Incorporation is the return: the re-entry into society in a new state, with a new identity, recognised by the community as having crossed over. The incorporation phase is not simply personal. It is social: the community receives the newly transformed person and confers on them their new standing. Without this reception, the transformation remains incomplete.
Most Agile transformation programmes have a version of incorporation — the launch, the certificate, the new job title. Many have a nominal separation — a kickoff event, a training programme, a workshop series. Almost none create genuine liminality. The middle phase — the dissolution, the genuine holding of uncertainty, the suspension of previous identity — is precisely what they skip. It is uncomfortable, ungovernable, and cannot be put on a Gantt chart.
What liminal space actually requires
Liminal space has specific structural requirements. Without them, what appears to be liminality is something else — something Turner called limonoid, which we will return to. The requirements are three.
A container — the temenos. The alchemical image is the sealed vessel: the space that is set apart from ordinary social life, that holds the energy of transformation without allowing it to dissipate or to overwhelm those within it. In the language of contemporary organisational development, this is the developmental programme's structural container — its physical space, its consistent rhythm, its clear boundaries around who is in and who is out, and the ritual elements that signal that something different is happening here. The container must be strong enough to hold what emerges. An insufficiently bounded container does not produce liminality; it produces fragmentation.
A threshold — the genuine surrender of previous identity. The surrender cannot be symbolic only. In traditional rites, it was enforced by the structure of the ritual: the initiate was physically removed from their community, stripped of their markers of status, and immersed in experiences that made their old identity unavailable. In a contemporary leadership programme, this might mean that participants genuinely cannot access the protections of their organisational role — that seniority does not purchase safety in the room, that the usual moves of authority and expertise are temporarily suspended. This is among the most difficult things for organisations to allow. They routinely breach this requirement by allowing participants to maintain their organisational identity even within the programme — by permitting status hierarchies to operate, by inviting senior leaders to observe, by treating the programme as an extension of work rather than a departure from it.
Communitas — the relational field that sustains the threshold.
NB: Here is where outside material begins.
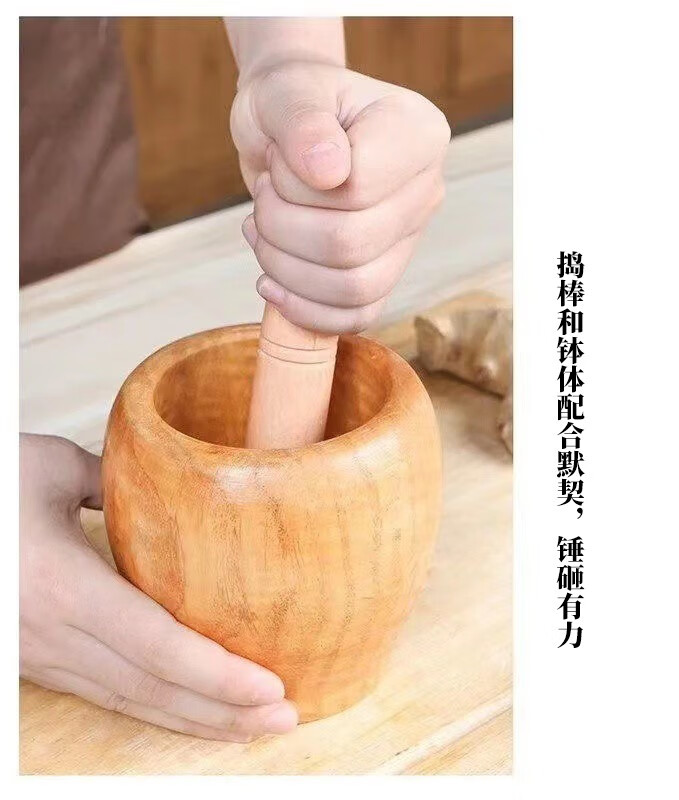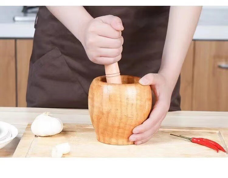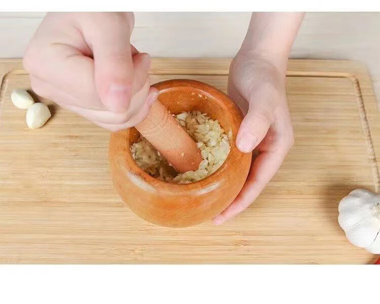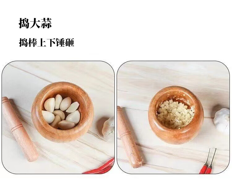 Household garlic press wooden garlic masher manual garlic press garlic mortar household wooden garlic mash jar Chinese medicine mash wooden garlic mortar

Turner identified that genuine liminality is almost always a shared experience. Initiates cross thresholds together. As they shed their social identities, they encounter each other as what Turner calls "human totals" — human beings without the mediating structure of role and status. This quality of encounter, which Turner named communitas, is the relational foundation that makes the dissolution of individual identity bearable. People can endure the loss of their old certainties because they are not alone in the space. The group becomes its own container.
Liminal vs. limonoid: the crucial difference
Turner introduced the term limonoid to describe experiences that share some qualities of liminality — a sense of departure from the ordinary, an intensified energy, a feeling of possibility — without the structural conditions that make genuine transformation possible. They are exciting but not transformative. They leave people stimulated and unchanged.
Most team retreats, innovation days, unconferences, and off-site workshops are limonoid. They feel different from ordinary work. They may produce genuine enthusiasm. But because participants do not actually surrender their social identity — because seniority still operates, because the norms of the workplace follow them into the room, because there is no genuine container and no genuine threshold — the experiences remain pleasurable rather than transformative. The team returns energised and slightly closer. A week later, the patterns are the same.
The distinction matters for programme design. A limonoid experience is not a failed liminal experience — it is a different kind of experience entirely. It can have value: it can build rapport, generate ideas, restore energy. But it should not be confused with transformation and should not be funded as such. When organisations discover that the off-site "didn't stick," the temptation is to conclude that the format was wrong or the facilitation insufficient. The actual explanation is structural: no threshold was crossed, so no new territory was entered.
What communitas feels like — and why it can't be manufactured
Communitas is recognisable as an experience. It is the quality of connection that sometimes emerges in a group when the usual social armour has been set aside — when people are talking to each other as people rather than as their roles, when status has genuinely, not performatively, been suspended. It has an immediacy and an intimacy that is qualitatively different from good team dynamics or productive collaboration.
Turner is emphatic: communitas cannot be manufactured. It can only emerge under conditions that are created for it. Attempting to produce it through team-building exercises, trust falls, or sharing circles is analogous to trying to force an alchemical reaction by describing what the product should look like. The conditions must be right — the container must be strong enough, the threshold must be genuine, the social identity must actually have been surrendered — and then communitas may emerge. Or it may not. Its arrival is not guaranteed.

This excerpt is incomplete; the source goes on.